Thursday, February 11, 2010

You're Welcome

About an hour ago, i saw You're Welcome, a series of five "bad plays," and for a variety of reasons, it was an extremely enjoyable production. The first of these is of course that we've also been learning about proper play structure in class and through the reverse psychology exercise of writing our own purposefully bad plays to learn from our mistakes, similarly to how You're Welcome ultimately played out as a strategy guide for inexperienced playwrights and directors. Another is that the second play was not in fact a play, but a single extended stage direction that narrated a suspenseful monster truck race. Yet another was that there was an aged, balding hipster laughing very loudly sitting in the row in front of me, sometimes slapping the leg of his awkward, more silent friend. Thanks to information I gained from casually eavesdropping on this friend, I was able to deduce that his name was Stephen (not certain if spelled with an ph or a v).
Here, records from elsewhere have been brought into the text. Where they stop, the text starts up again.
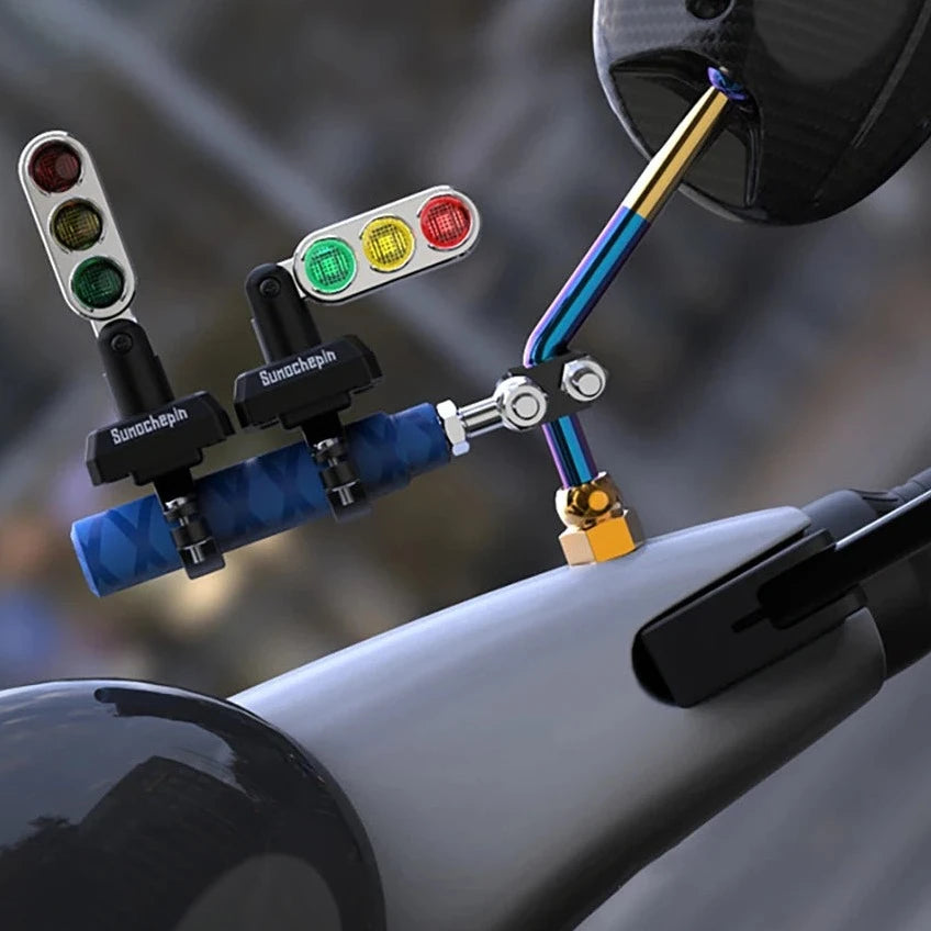 The Mini Traffic Lamp Style Motorcycle Handlebar Signal Light is a unique and stylish addition to any motorcycle. These handlebar signal lights are designed like mini traffic lamps, adding a fun and eye-catching element to your bike while also enhancing safety on the road. With bright LED lights, they provide excellent visibility to other drivers, making your intentions clear during turns or lane changes.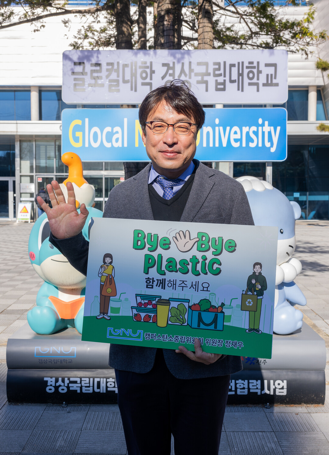 [대학저널 이선용 기자] 경상국립대학교 캠퍼스 탄소중립위원회 위원장인 정재우 부총장은 12월 22일 지구를 위한 실천 ‘바이바이 플라스틱(ByeBye Plastic) 챌린지’에 동참했다.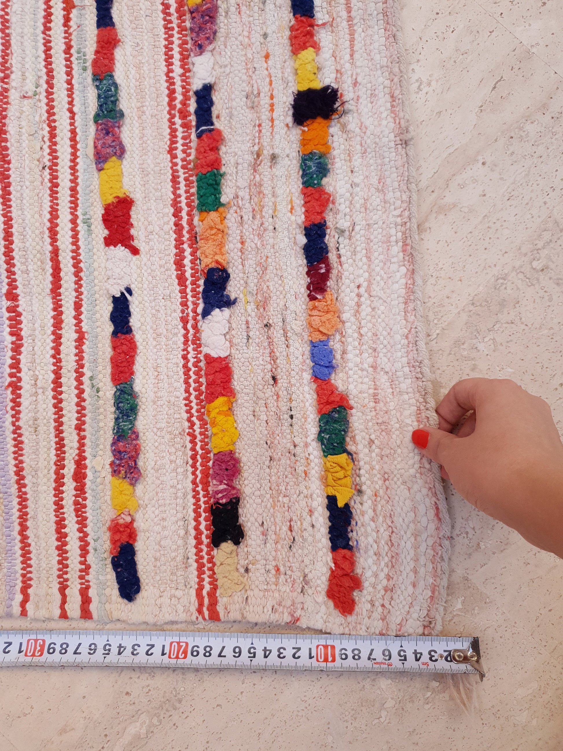 ○ This beauty is subtly wavy in width, which is the staple of handmade loom woven authentic vintage berber moroccan rugs, and adds to its character that appeals to the Vintage conoisseurs and seekers of the unique berber rugs. 👉🏻 Please see photo alligned with measuring tape.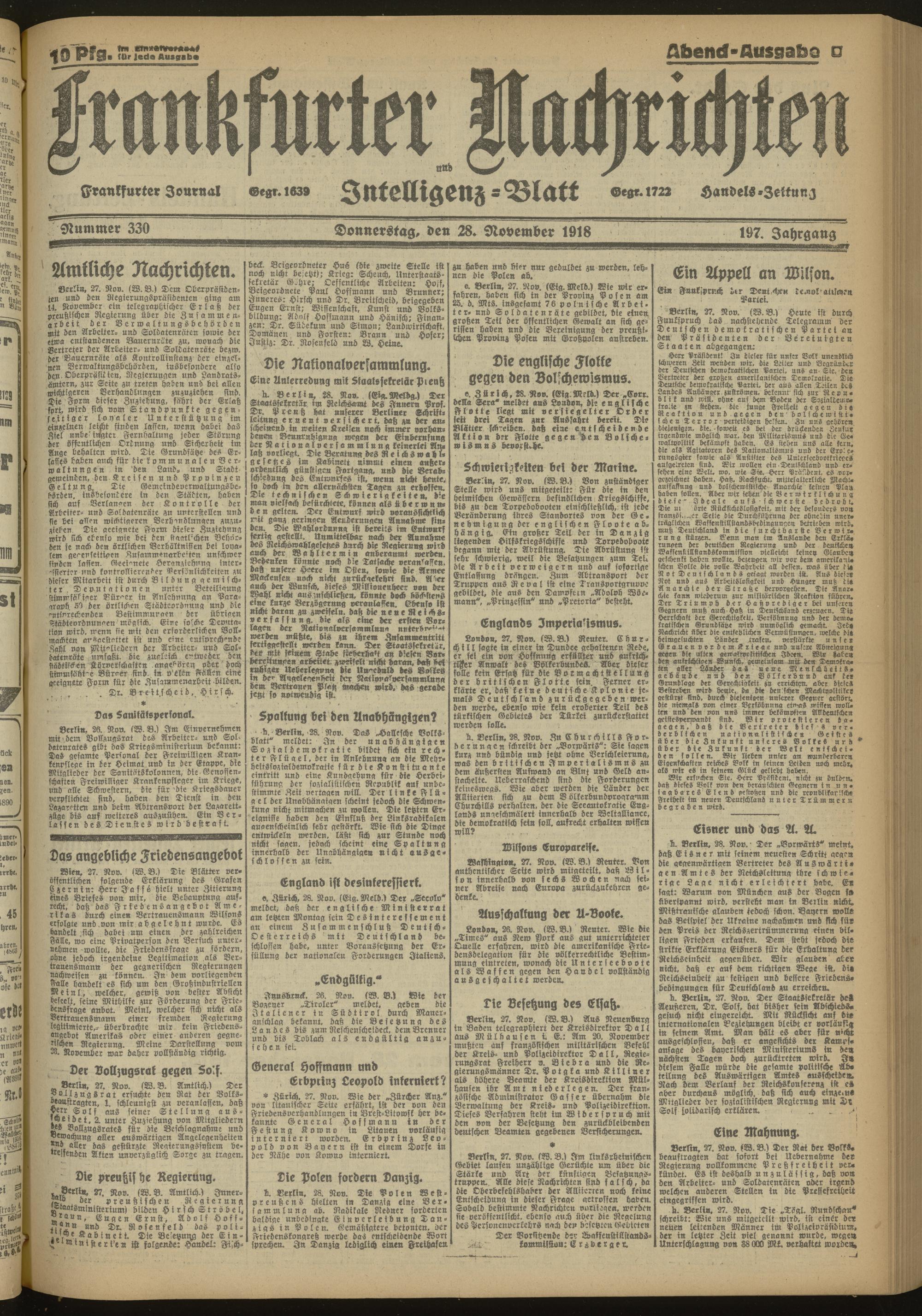 28.11.1918 Abend-Ausgabe = Nr. 330

There were three main actors, along with several stage hands, and several of the plays were repeatedly interrupted by the director walking on stage for whatever reason, and the plays frequently touched upon what seemed like a kind of theme, a warning that on-stage hubris, in the form of expensive props or over the top direction styles, is ultimately quite detrimental to the play's integrity. I guess that's a fancy way of saying that I felt there was a certain sub-contextual message in the plays. At any rate, everything that was meant to parody something was taken to professional, well-planned extents that our bad plays could never reach, and it was hilarious to see such plays being preformed in actuality.